--- START ---

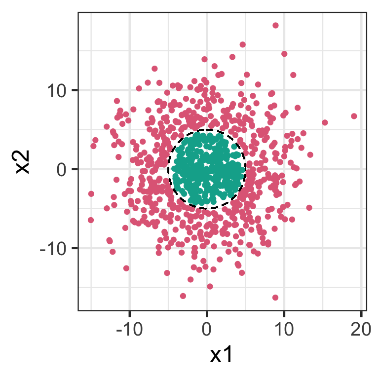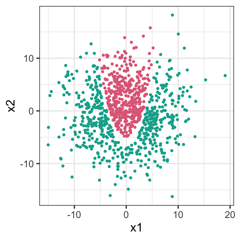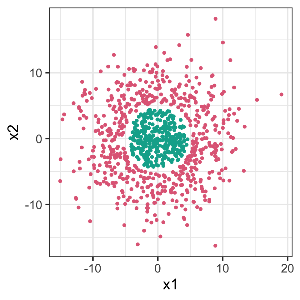 • Standard kernels include: \begin{align*} \text{Linear} \quad \mathcal{K}(\boldsymbol{x}_i, \boldsymbol{x}_k) & = \langle\boldsymbol{x}_i, \boldsymbol{x}_k \rangle \\ \text{Polynomial} \quad \mathcal{K}(\boldsymbol{x}, \boldsymbol{y}) & = (\langle\boldsymbol{x}_i, \boldsymbol{x}_k \rangle + 1)^d \\ \text{Radial} \quad \mathcal{K}(\boldsymbol{x}_i, \boldsymbol{x}_k) & = \exp(-\gamma\lvert\lvert\boldsymbol{x}_i-\boldsymbol{x}_k\lvert\lvert^2) \end{align*}
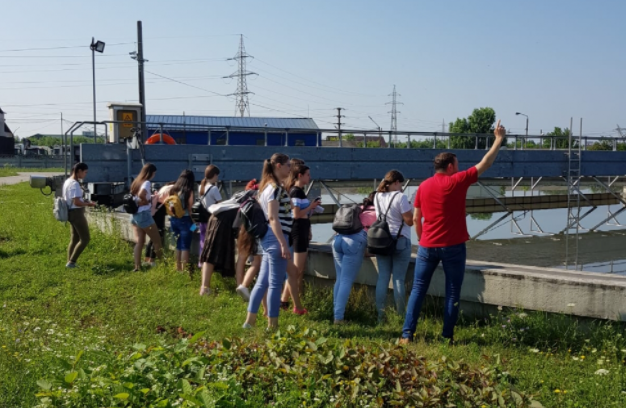 Prima vizită a fost efectuată la Stația de epurare a apei uzate care desevește municipiul Baia Mare. Aici elevii au putut observa mai îndeaproape care sunt etapele prin care trece apa uzată, înainte de a ajunge în râul Săsar. Vizita a început cu prezentarea etapei mecanice unde elevii au văzut cum apa uzată trece prin grătare ce rețin diferitele obiecte ce ajung în rețeaua de canalizare. Prezența obiectelor de îmbrăcăminte, a pungilor din plastic, a scutecelor, șervețelelor umede, jucăriilor sau a altor obiecte i-au determinat pe elevi să constate că mulți dintre băimăreni confundă canalizarea cu coșul de gunoi. Apoi, colegii noștri le-au prezentat elevilor bazinele de separare a grăsimilor, decantoarele și linia de tratare a nămolului, iar mai apoi rezervorul de biogaz și dispeceratul stației de epurare, locul de unde este controlat și coordonat prin sistem SCADA întregul proces tehnologic de epurare a apelor uzate.
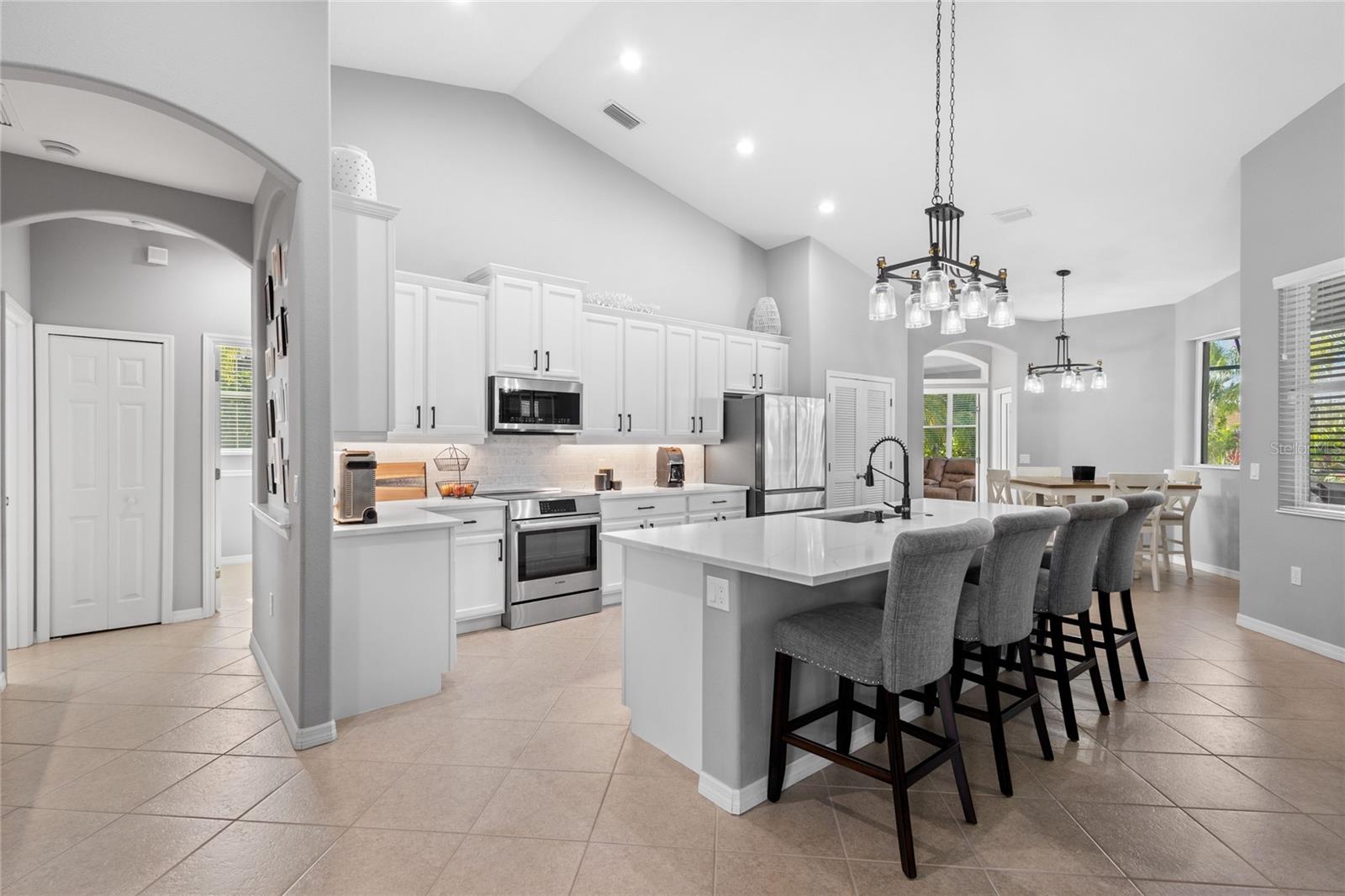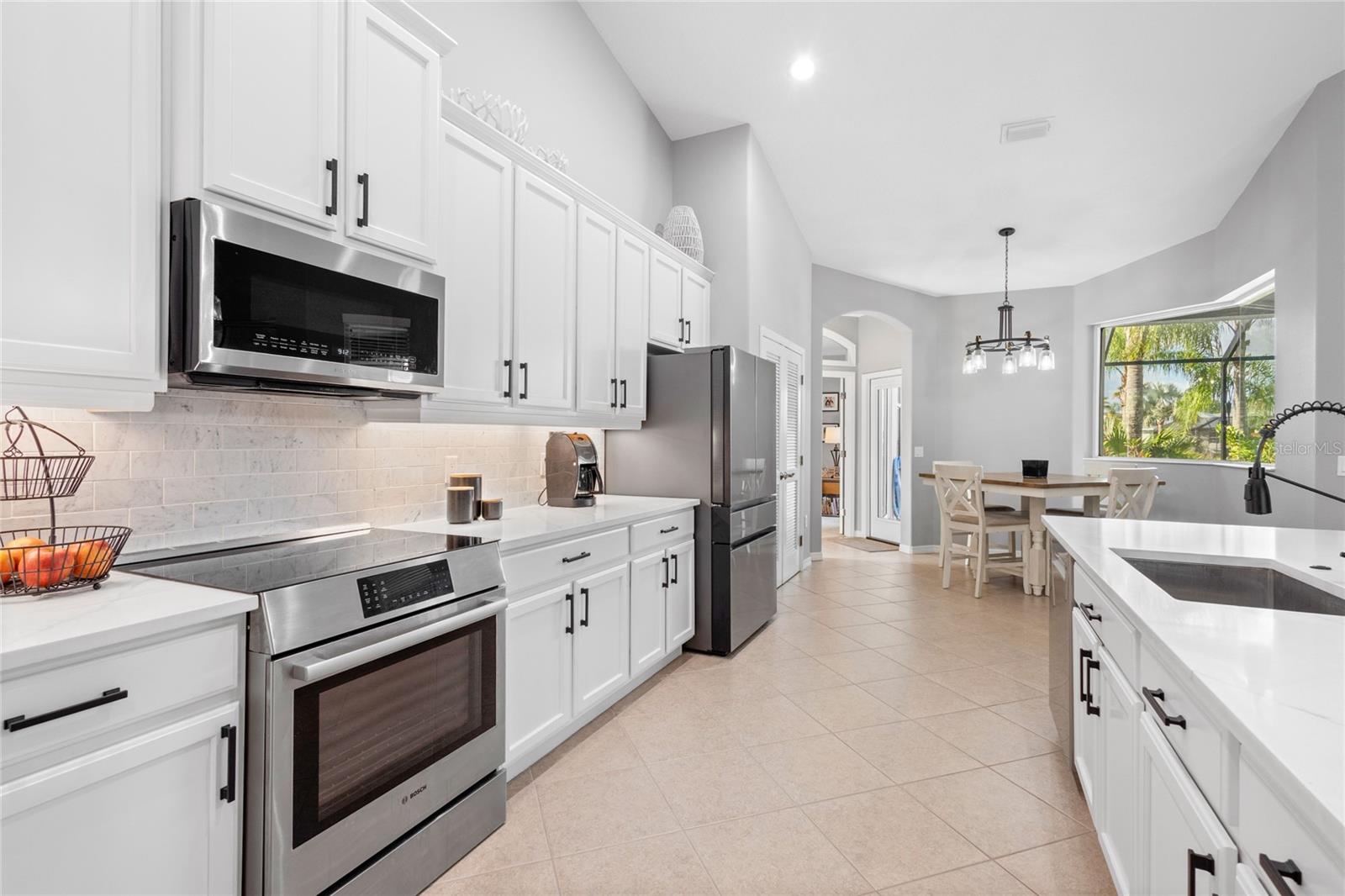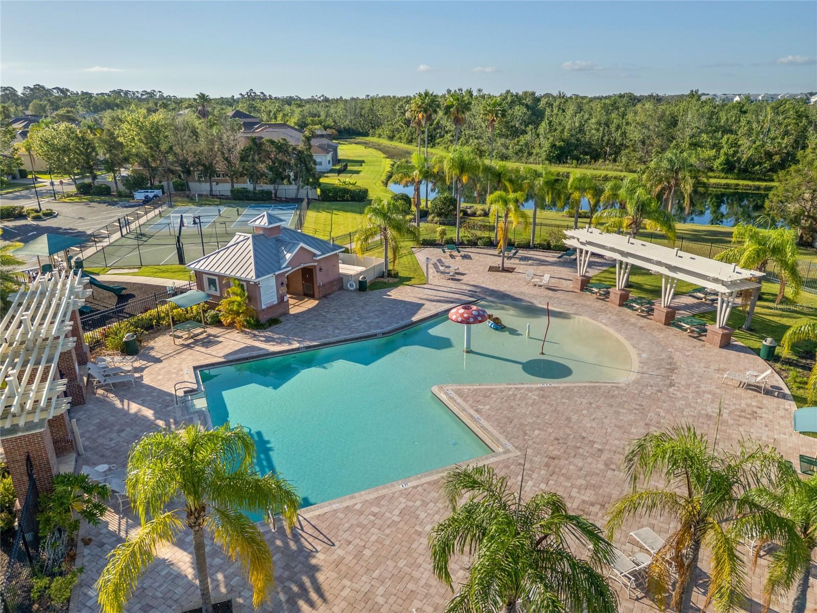 You will fall in love from the moment you walk through the beautiful new impact rated front door and enter into this stunning home that consists of 3 bedrooms, 3 bathrooms, plus a den, with a 3 car garage. This home is light and bright with an open floor plan. See yourself entertaining friends and family in this gorgeous great room that features high ceilings, fabulous kitchen with upgrades consisting of new quartz Cambria counter tops, white cabinetry, large island, new appliances: Bosch induction oven, Bosch dishwasher, microwave, new faucet, and a large pantry, breakfast area, all overlooking views of the pool. Attention to detail is seen everywhere in this home from the freshly painted interior, to the new LED lighting, Minka Air Fans with remotes, and built-in entertainment speakers. Enjoy waking up in this amazing master ensuite with views of the pool. Featuring two walk in closets, large walk-in shower, soaking tub, quartz Cambria counter tops with two sinks, and new toilet. You will have peace of mind knowing that there is a NEW ROOF 2023, HVAC 2021, pool cage repainted, rescreened and new SS hardware 2023, pool equipment 2024, exterior freshly painted 2024, impact rated pool door 2023, and exquisite landscape lighting 2023. All of this and located in the community of Lexington which boasts a Community Pool, Playground, Basketball and Pickleball courts, Low HOA & Very Low CDD fees. Conveniently located to top-rated schools, shopping, restaurants, I-75, beaches, St. Petersburg, and so much more.
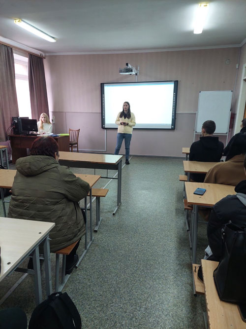 Під час заходу заступниця директора Юридичної клініки Марія Скрипник ознайомила учасників із поняттям обмеження конституційних прав у період воєнного стану та роз’яснила механізми їх захисту. Пані Марія підкреслила, що кожен громадянин має право звернутись за безоплатною правовою допомогою та отримати консультацію з правових питань. Студенти коледжу активно долучалися до обговорення порушених питань, ставили актуальні запитання спікерці та брали участь у дискусії щодо сучасних викликів у сфері захисту прав людини. На завершення заходу для студентів було організовано інтелектуальну гру «Брейн-ринг», присвячену перевірці знань конституційних прав і обов’язків людини та громадянина.
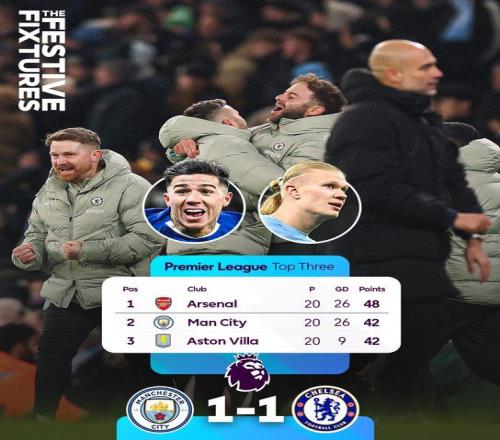 北京時間1月5日01:30,英超聯賽第20輪,曼徹斯特城坐鎮伊蒂哈德球場迎戰切爾西。上半場哈蘭德中柱,賴因德斯爆射建功,切爾西零射正,曼城暫1-0切爾西;下半場內托失良機,格瓦迪奧爾傷退,恩佐絕平,最終曼城1-1切爾西,距榜首6分。
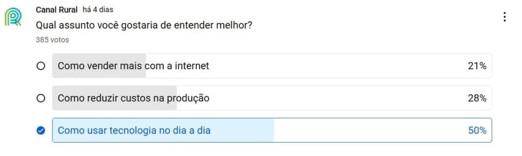 Na interatividade da semana, perguntamos aos produtores rurais: “Qual assunto você gostaria de entender melhor?” O resultado mostrou que a tecnologia é o tema que mais desperta interesse. 50% indicaram querer aprender a usar tecnologia no dia a dia. Para apoiar esse público, o Sebrae já mantém um portal exclusivo com conteúdos, cursos e ferramentas voltados para inovação no campo, reforçando o quanto o tema é prioritário para o agronegócio.

--- END ---

» Work item
Return only the stretch above from the line containing "Під час заходу" through the line containing "北京時間1月5日01:30,英超聯賽第2", word for word and without pictures.

» The completed task
 Під час заходу заступниця директора Юридичної клініки Марія Скрипник ознайомила учасників із поняттям обмеження конституційних прав у період воєнного стану та роз’яснила механізми їх захисту. Пані Марія підкреслила, що кожен громадянин має право звернутись за безоплатною правовою допомогою та отримати консультацію з правових питань. Студенти коледжу активно долучалися до обговорення порушених питань, ставили актуальні запитання спікерці та брали участь у дискусії щодо сучасних викликів у сфері захисту прав людини. На завершення заходу для студентів було організовано інтелектуальну гру «Брейн-ринг», присвячену перевірці знань конституційних прав і обов’язків людини та громадянина.
 北京時間1月5日01:30,英超聯賽第20輪,曼徹斯特城坐鎮伊蒂哈德球場迎戰切爾西。上半場哈蘭德中柱,賴因德斯爆射建功,切爾西零射正,曼城暫1-0切爾西;下半場內托失良機,格瓦迪奧爾傷退,恩佐絕平,最終曼城1-1切爾西,距榜首6分。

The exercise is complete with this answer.